As a journalist, you are occasionally assigned a story that touches a raw part of your personal life. That happened to me this week, after my editors passed along a note to write a story about Alzheimer’s Awareness Month.

When I interviewed Paul Bartel with the Alzheimer’s Society of Calgary, he mentioned approximately 17,000 people in its service area – which includes Airdrie, Rocky View County and extends north to Didsbury – are diagnosed with the disease, and the number of loved ones impacted is exponentially larger. Fear and misconceptions are often experienced by those people.

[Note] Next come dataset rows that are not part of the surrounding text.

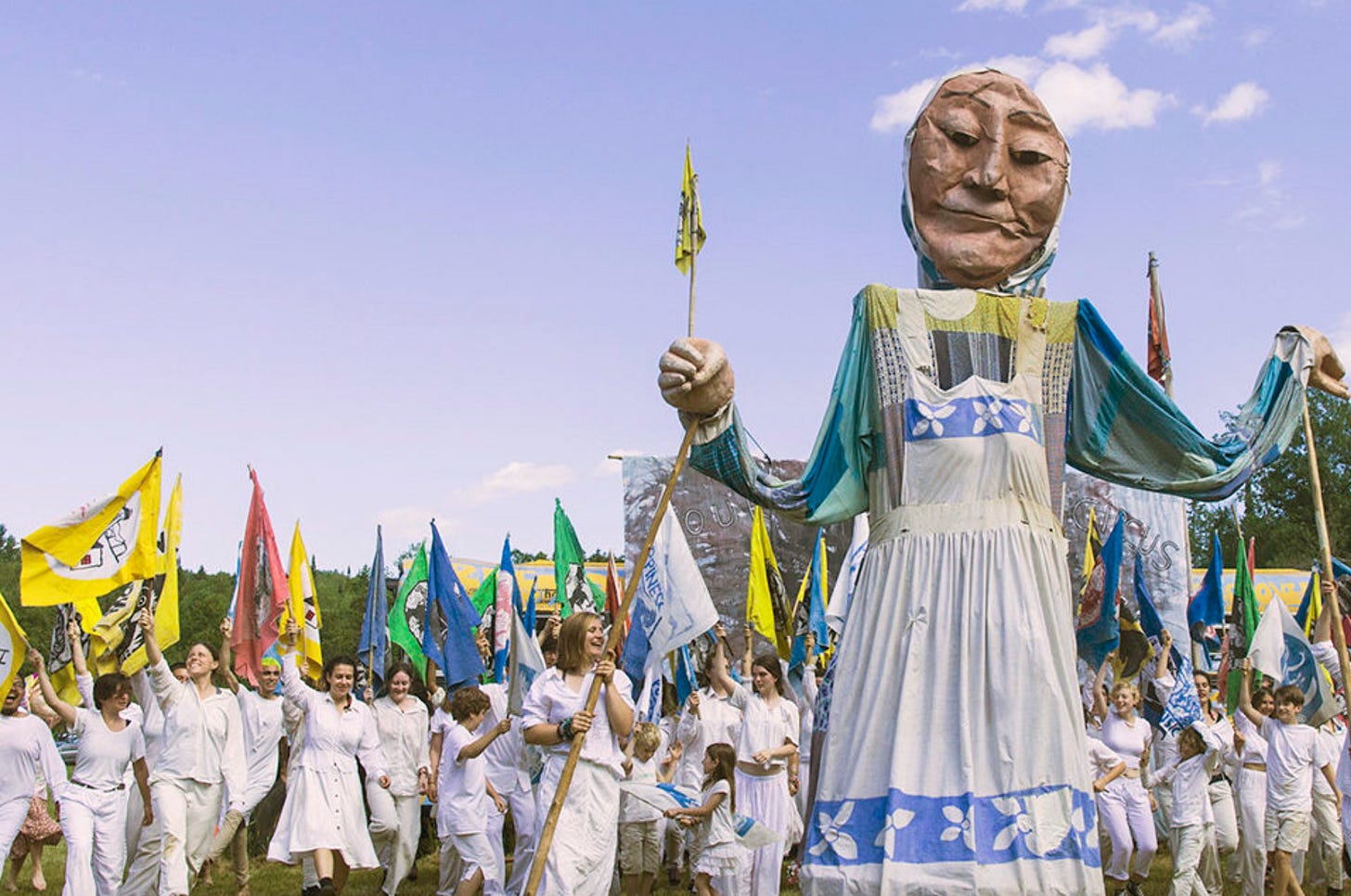 Bread & Puppet was another inspirational fixture of Vermont life. We attended their ‘Domestic Resurrection Circus’ weekends almost every summer of my childhood. This was a unique event drawing thousands (& later hundreds of thousands) of people into tiny Glover, Vermont to partake of all kinds of music, performances, arts & crafts, political theater, speakers, free German sourdough bread & garlic aioli baked by volunteers and given away all weekend, & of course, the main event, the Domestic Resurrection Circus which contained giant puppets, music, political comedy & satire commenting on issues of the day, and a ritual where they burned a giant man at the end of the show (precursor to the giant Burning Man Festival of today)
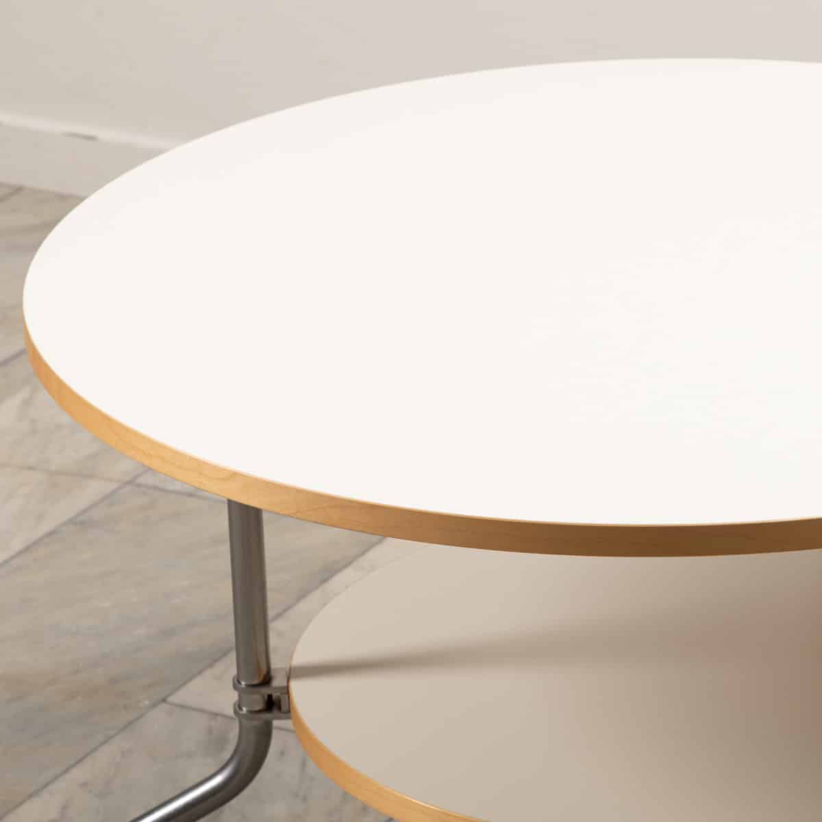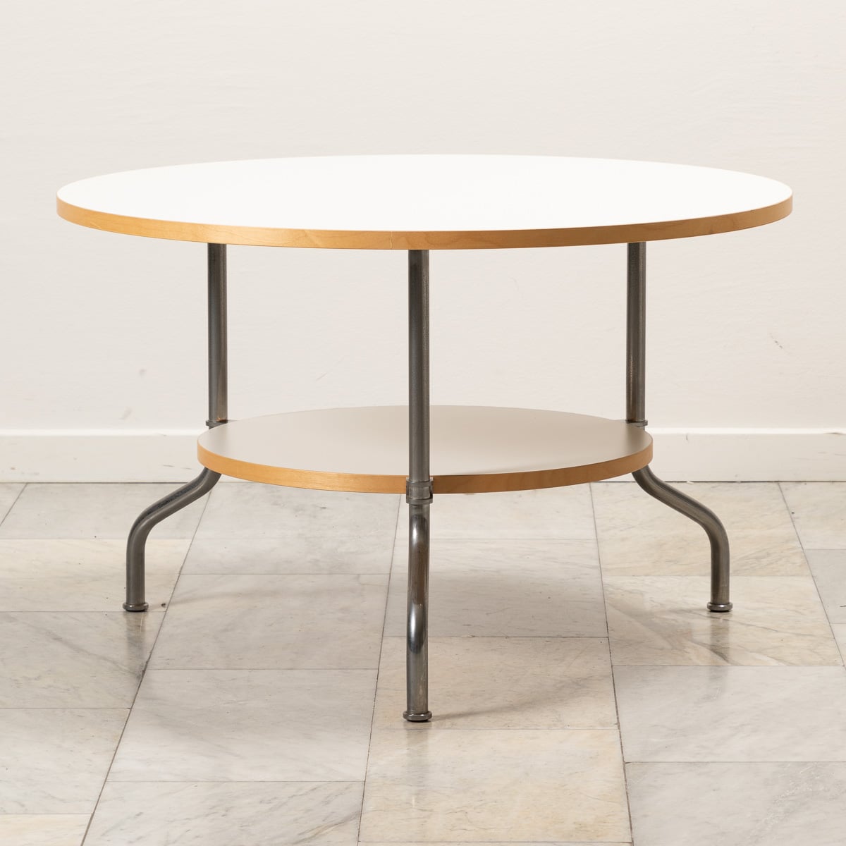 Bordplade i laminat (hvid). Understel i metal (aluminium).
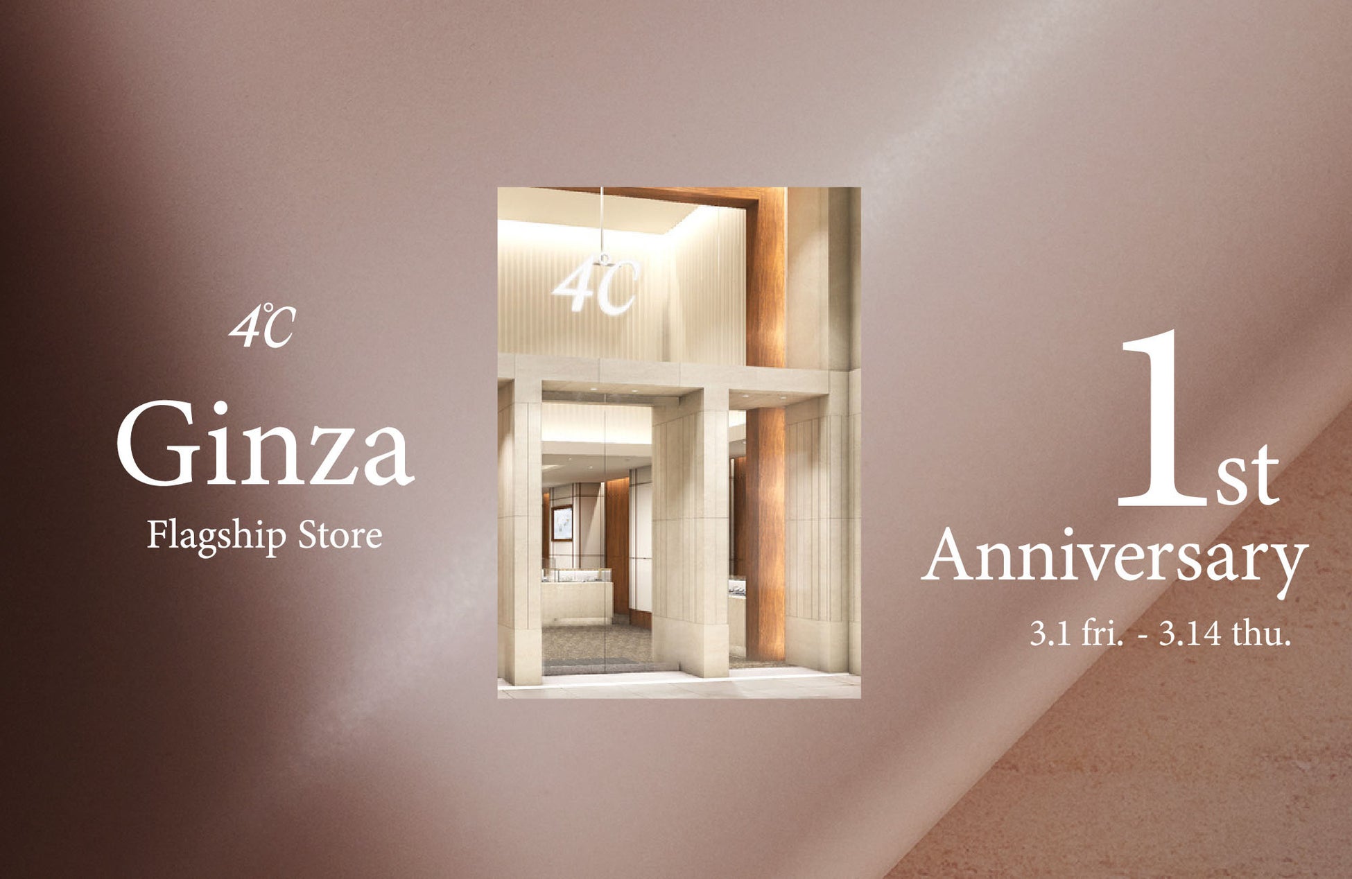 2024年3月1日(金)にグランドオープン1周年を迎える「4℃ 銀座本店」。アニバーサリーを記念した、「1st Anniversary Fair」を期間限定開催いたします。
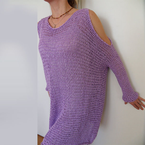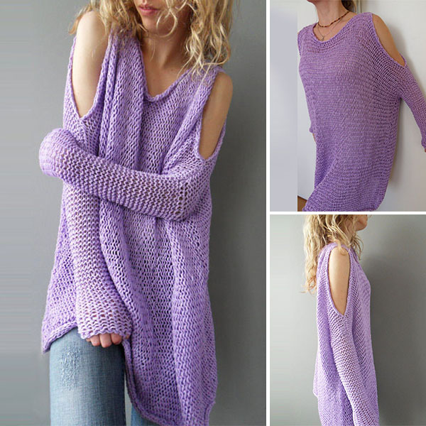 round neck and a loose silhouette,this sweater can keep you comfy all day,while the off-shoulder design adds a dash
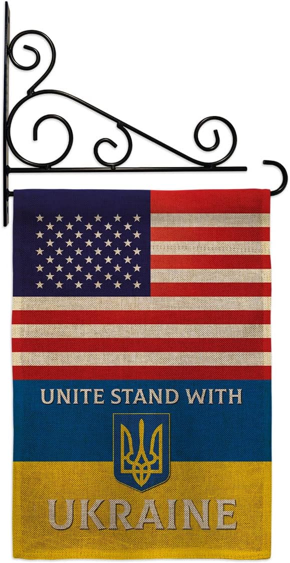 US Stand With Ukraine Garden Flag Set Wall Holder Regional Friendship USA American Alliance World Country Particular Area Small Decorative Gift Yard House Banner Made In 13 X 18.5

The words hit close to home for me – my grandmother is one of those 17,000 people. She received the diagnosis a few years ago, and when my father told me, a clock immediately began ticking down in my mind.

My imagination filled with visions of my grandmother immediately forgetting her children and her grandchildren, struggling to remember who we were and who she was. I don’t know where these ideas came from – television and movies, probably – but it filled me with tremendous dread. I didn’t want to witness a loved one going through that. In short, I was afraid. That fear led me to pull away, and immediately after the diagnosis, I didn’t visit my grandma as much as I should have.

As Bartel told me in our interview, those worst-case scenarios aren’t the norm, and often, someone with Alzheimer’s is able to live a full and normal life for a long time after their diagnosis. Although my grandma experiences noticeable memory issues and now lives in a place that is better equipped to care for her instead of on her own, the horror stories I painted in my mind haven’t come to pass. She’s still the grandmother I’ve known my whole life, and just the other day, I had a pleasant conversation with her about the holidays.

The last few years haven’t been as bad as I’d anticipated, but if I’m honest, I’m still scared. My grandfather, who bravely battled brain cancer for 12 years before succumbing to that disease, changed drastically near the end. A series of strokes reduced him to a person who no longer resembled the man I had admired, and it was frankly very hard to experience. I still fear that will happen to his wife.

Part of getting older is coming to grips with mortality – your own, and that of your loved ones. That’s difficult when someone you love faces a serious illness. For now, though, all I can do is make the most of the time I still have with my grandmother.